» **RAW DATA**:
:::::
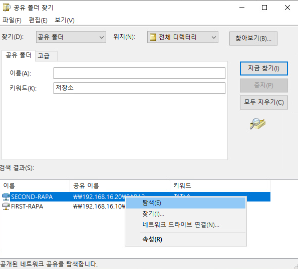 찾기 : 공유 폴더 - 키워드 : 저장소 - 지금 찾기 - 탐색
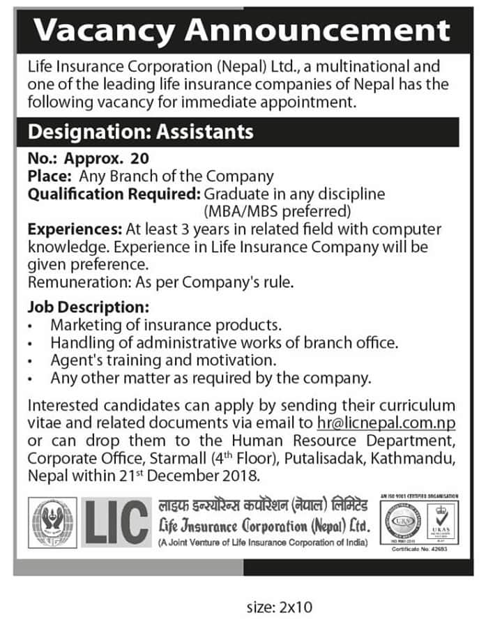 लाइफ इन्स्योरेन्स कर्पोरेशन नेपाल लिमिटेडले सहायक पदका लागि २० जना कर्मचारीको माग गरेको छ ।
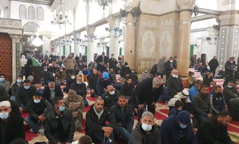 ومنذ ساعات الفجر الأولى احتشد المواطنون ومنهم عائلات على بوابات الأقصى لأداء الصلاة بمشاركة الأطفال والنساء؛ تأكيدا على الترابط الروحي بين الفلسطينيين والحرم القدسي ولإيصال رسالة للاحتلال برفض مخططات التهويد والضم.
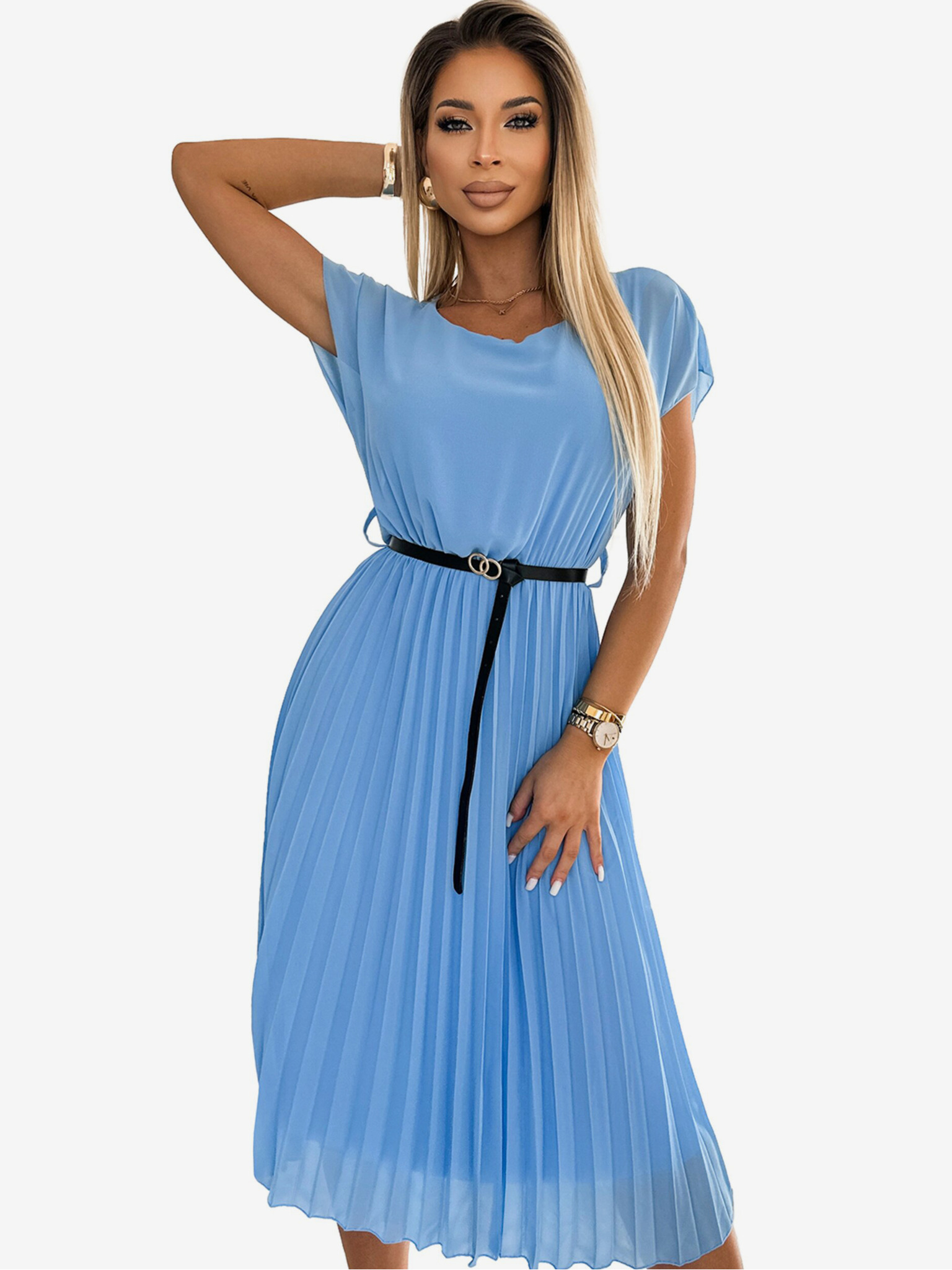 Rochie midi plisată cu curea neagră - albastru deschis Numoco
:::::
» **THE TASK**:
Exactly as written, copy out the listing, but without any pictures.

» **EXERCISE ANSWER**:
 찾기 : 공유 폴더 - 키워드 : 저장소 - 지금 찾기 - 탐색
 लाइफ इन्स्योरेन्स कर्पोरेशन नेपाल लिमिटेडले सहायक पदका लागि २० जना कर्मचारीको माग गरेको छ ।
 ومنذ ساعات الفجر الأولى احتشد المواطنون ومنهم عائلات على بوابات الأقصى لأداء الصلاة بمشاركة الأطفال والنساء؛ تأكيدا على الترابط الروحي بين الفلسطينيين والحرم القدسي ولإيصال رسالة للاحتلال برفض مخططات التهويد والضم.
 Rochie midi plisată cu curea neagră - albastru deschis Numoco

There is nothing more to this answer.